Something Like Human is the second album by the band Fuel, released in 2000 on Epic Records. Something Like Human reached number 17 on the U.S. Billboard 200, and featured their first U.S. top 40 hit with "Hemorrhage (In My Hands)" which reached number 30 on the Billboard Hot 100 charts. It remains one of their most popular songs to date.

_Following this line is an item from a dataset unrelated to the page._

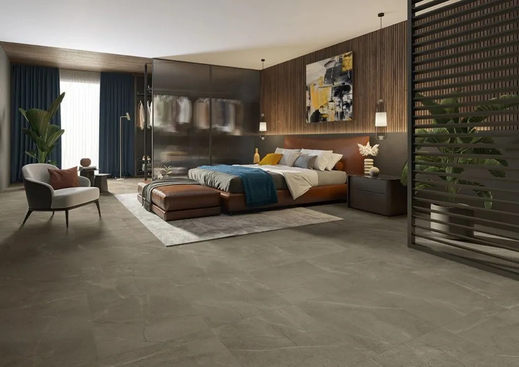 Матовая поверхность плитки не только выглядит эстетично, но и практична в использовании. Она легко очищается от загрязнений и не скользит, что делает керамогранит безопасным для всей семьи.

The album was certified double-platinum status by the RIAA on September 25, 2001. The album was also certified Gold (50,000 units) in Canada in June 2001. To date, Something Like Human is the band's best-selling record.

The bonus version of the disc includes an acoustic version of Hemorrhage, and also includes the cover songs "Daniel", originally by Elton John, and "Going to California" by Led Zeppelin.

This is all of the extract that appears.